STORED DATA START

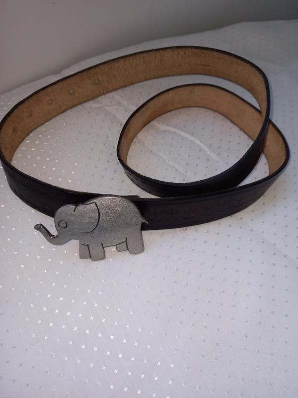 кожаный ремень с красивой пряжкой слоник с пряжкой 106 см без 98см ширина 3см цвет тёмно коричневый
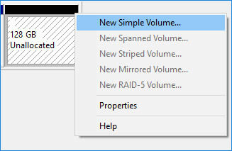 Right-click this unallocated space, then click on New Simple Volume, which should be right at the top of the drop-down menu. Choose the size of the volume you want to use, then allocate it a drive letter. It’s a good idea to format the drive at this stage; select NTFS from the File System options. You’ll have the tick-box option to Perform a quick format – this should be sufficient.
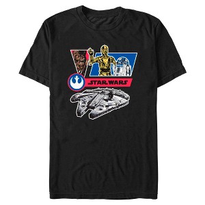 No need to keep looking for fashion help in Alderaan places! Add a little out-of-this-world style to your wardrobe with some truly epic Star Wars styles! Transport yourself to a galaxy far, far away with this new Star Wars The Falcon Team Men's Graphic T-Shirt! This classic tee shows off a colorful graphic of the Millennium Falcon, Chewbacca, C-3PO, R2-D2, and the Rebel Alliance and Star Wars logo. Commemorate this epic film with this new officially licensed apparel that is perfect for Star Wars fans!
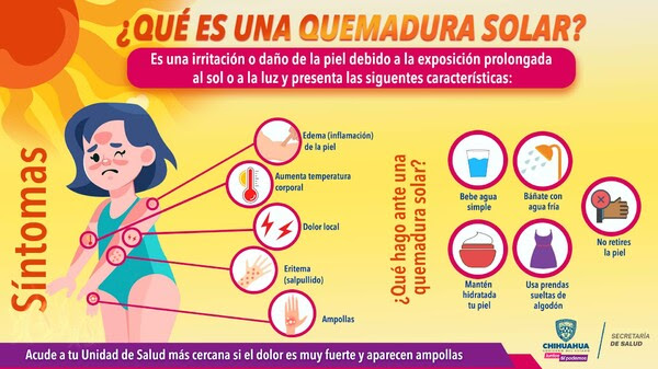 La Secretaría de Salud de Chihuahua hace un llamado a la ciudadanía para tomar medidas preventivas ante los padecimientos relacionados con el calor. Estos incluyen el golpe de calor, quemaduras solares e insolación o deshidratación, que pueden ocurrir por la exposición prolongada al sol.

STORED DATA END

### TASK OBJECTIVE
With pictures left out, repeat exactly the lines from the one containing "No need to keep" through the last line of the data above, inclusive, and nothing else.

### WRITTEN REPLY
 No need to keep looking for fashion help in Alderaan places! Add a little out-of-this-world style to your wardrobe with some truly epic Star Wars styles! Transport yourself to a galaxy far, far away with this new Star Wars The Falcon Team Men's Graphic T-Shirt! This classic tee shows off a colorful graphic of the Millennium Falcon, Chewbacca, C-3PO, R2-D2, and the Rebel Alliance and Star Wars logo. Commemorate this epic film with this new officially licensed apparel that is perfect for Star Wars fans!
 La Secretaría de Salud de Chihuahua hace un llamado a la ciudadanía para tomar medidas preventivas ante los padecimientos relacionados con el calor. Estos incluyen el golpe de calor, quemaduras solares e insolación o deshidratación, que pueden ocurrir por la exposición prolongada al sol.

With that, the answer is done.